Karnataka High Court

Gm Nagesha Gowda vs Smt Annapoornamma on 26 September, 2013

Author: Ram Mohan Reddy

Bench: Ram Mohan Reddy

                               1
                                             ®
IN THE HIGH COURT OF KARNATAKA AT BANGALORE

     DATED THIS THE 26TH DAY OF SEPTEMBER 2013

                          BEFORE

     THE HON'BLE MR. JUSTICE RAM MOHAN REDDY

      REGULAR SECOND APPEAL No.2274/2007 (INJ)


BETWEEN:®®

1.     G.M. Nagesha Gowda
       S/o. Majappa Gowda
       Aged about 43 years

2.     G.M. Chandrashekara
       S/o. Manjappa Gowda
       Aged about 40 years

3.     G.M. Laxmisha
       S/o. Manjappa Gowda
       Aged about 35 years

4.     G.M. Ramesha
       S/o. Manjappa Gowda
       Aged about 35 years

       All are r/a. Addagadde Village & post
       Sringeri Taluk
       Chikmagalur Dist: 577 139         .. APPELLANTS

(By Sri. Girish Kodgi, Adv.)
                              2


AND:

1.     Smt. Annapoornamma
       W/o. late G.S. Rama Bhatta
       Aged about 73 years

2.     R. Krishnamurthy
       S/o. late G.S. Rama Bhatta
       Aged about 43 years

3.     G. R. Kalaseshwara
       S/o. late G.S. Rama Bhatta
       Aged about 42 years

4.     G. R. Ganesha
       S/o. late G.S. Rama Bhatta
       Aged about 40 years

5.     G. R. Suresha
       S/o. late G.S. Rama Bhatta
       Aged about 38 years

       All are r/a. Addagadde
       Sringeri Taluk
       Chikmagalur Dist: 577 139    .. RESPONDENTS

(By Sri. B.S. Prasad , Adv. for C/R-1
Notice to R-2 to R-5 served & unrepresented)

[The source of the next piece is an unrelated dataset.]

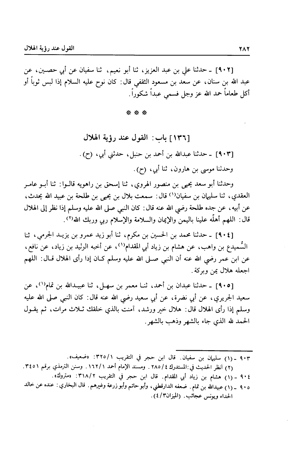 903 - حَدَّثَنَا عَبْدُ اللَّهِ بْنُ أَحْمَدَ بْنِ حَنْبَلٍ، حَدَّثَنِي أَبِي، ح وَحَدَّثَنَا مُوسَى بْنُ هَارُونَ، ثنا أَبِي، ح وَحَدَّثَنَا أَبُو سَعْدٍ يَحْيَى بْنُ مَنْصُورٍ الْهَرَوِيُّ، ثنا إِسْحَاقُ بْنُ رَاهَوَيْهِ، قَالُوا: ثنا أَبُو عَامِرٍ الْعَقَدِيُّ، ثنا سُلَيْمَانُ بْنُ سُفْيَانَ، قَالَ: سَمِعْتُ بِلَالَ بْنَ يَحْيَى بْنِ طَلْحَةَ بْنِ عُبَيْدِ اللَّهِ، يُحَدِّثُ عَنْ أَبِيهِ، عَنْ جَدِّهِ طَلْحَةَ رَضِيَ اللَّهُ عَنْهُ قَالَ: كَانَ النَّبِيُّ صَلَّى اللهُ عَلَيْهِ وَسَلَّمَ §إِذَا نَظَرَ إِلَى الْهِلَالِ قَالَ: «اللَّهُمَّ أَهِلَّهُ عَلَيْنَا بِالْيُمْنِ وَالْإِيمَانِ، وَالسَّلَامَةِ وَالْإِسْلَامِ، رَبِّي وَرَبُّكَ اللَّهُ»

      This appeal is filed under Section 100 of CPC praying
to set aside the judgment and decree dated 16.6.2007
passed in R.A. No.90/2004 on the file of the Civil Judge
(Sr. Dn.), Chikmagalur and etc.

      This appeal coming on for Orders this day, the Court
delivered the following :
                              3



                        JUDGMENT

Defendants in O.S. No.257/1992, re-numbered as O.S. No.81/1995 and yet again, as O.S. No.26/2000 before the Civil Judge (Jr. Dn.,), N.R. Pura, aggrieved by the judgment and decree dated 16.6.2007 in R.A. No.90/2004 by the Civil Judge (Sr. Dn.), Chikmagalur allowing the appeal to set aside the judgment and decree of the Trial Court, have presented this second appeal.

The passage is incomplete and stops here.